Dataset content:
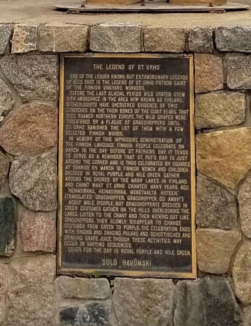 Так или иначе, самая известная скульптура с изображением Святого Урхо и табличкой с самой легендой находится в Миннесоте, в городе Менахга (Menahga).
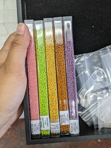 For about a month, I've been checking out different bead stores all across SoCal in search of large selections and varieties of beads. Bead Station was one of the bead shops I encountered when I was in Orange and in search of seed beads. This store has an extensive collection of beads for almost any project and the largest collection of delicas I've seen thus far. However, their 11/0 round seed beads appeared to have many colors out of stock when I went. While the 11/0 seed beads were given in generous portions of 25g, prices fluctuated greatly depending on brand (Toho and Miyuki are what I saw) as well as color. Prices can vary from $3 a vial to $9. When buying beads to restock, this can be especially daunting. Even so, the atmosphere of the store was quite alright and the customer service and assistance was appreciated. There were times where it felt I was being watched/followed by staff, but it was nothing too serious to prevent me from wanting to return. Overall, a good bead store with varied selections and a little bit of everything. Rather than calling ahead and seeing if certain products are carried, I HIGHLY suggest going in person as many products are simply up on the shelves and information regarding specific products is not readily known by staff. Also note that the store is a little hidden within the plaza it's located in! Drive around the area slowly and keep an eye out for the name of the store as all the signs for the shops in the plaza look the same (same color, font, size, etc.). âď¸âď¸âď¸âď¸ 4/5 stars! Might pass by again...
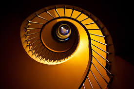 This photograph is showing shape in the way in which the spiral staircase is rounded and eventually creates a circle in the center of the photograph. This draws the eye to the circle due to the stair case leading to the circle in the middle of the photograph. The stairs almost look abstract due to them becoming blurred as they go higher.

Work item: Give all the lines above again, character for character, without pictures.

Exercise response:
 Так или иначе, самая известная скульптура с изображением Святого Урхо и табличкой с самой легендой находится в Миннесоте, в городе Менахга (Menahga).
 For about a month, I've been checking out different bead stores all across SoCal in search of large selections and varieties of beads. Bead Station was one of the bead shops I encountered when I was in Orange and in search of seed beads. This store has an extensive collection of beads for almost any project and the largest collection of delicas I've seen thus far. However, their 11/0 round seed beads appeared to have many colors out of stock when I went. While the 11/0 seed beads were given in generous portions of 25g, prices fluctuated greatly depending on brand (Toho and Miyuki are what I saw) as well as color. Prices can vary from $3 a vial to $9. When buying beads to restock, this can be especially daunting. Even so, the atmosphere of the store was quite alright and the customer service and assistance was appreciated. There were times where it felt I was being watched/followed by staff, but it was nothing too serious to prevent me from wanting to return. Overall, a good bead store with varied selections and a little bit of everything. Rather than calling ahead and seeing if certain products are carried, I HIGHLY suggest going in person as many products are simply up on the shelves and information regarding specific products is not readily known by staff. Also note that the store is a little hidden within the plaza it's located in! Drive around the area slowly and keep an eye out for the name of the store as all the signs for the shops in the plaza look the same (same color, font, size, etc.). âď¸âď¸âď¸âď¸ 4/5 stars! Might pass by again...
 This photograph is showing shape in the way in which the spiral staircase is rounded and eventually creates a circle in the center of the photograph. This draws the eye to the circle due to the stair case leading to the circle in the middle of the photograph. The stairs almost look abstract due to them becoming blurred as they go higher.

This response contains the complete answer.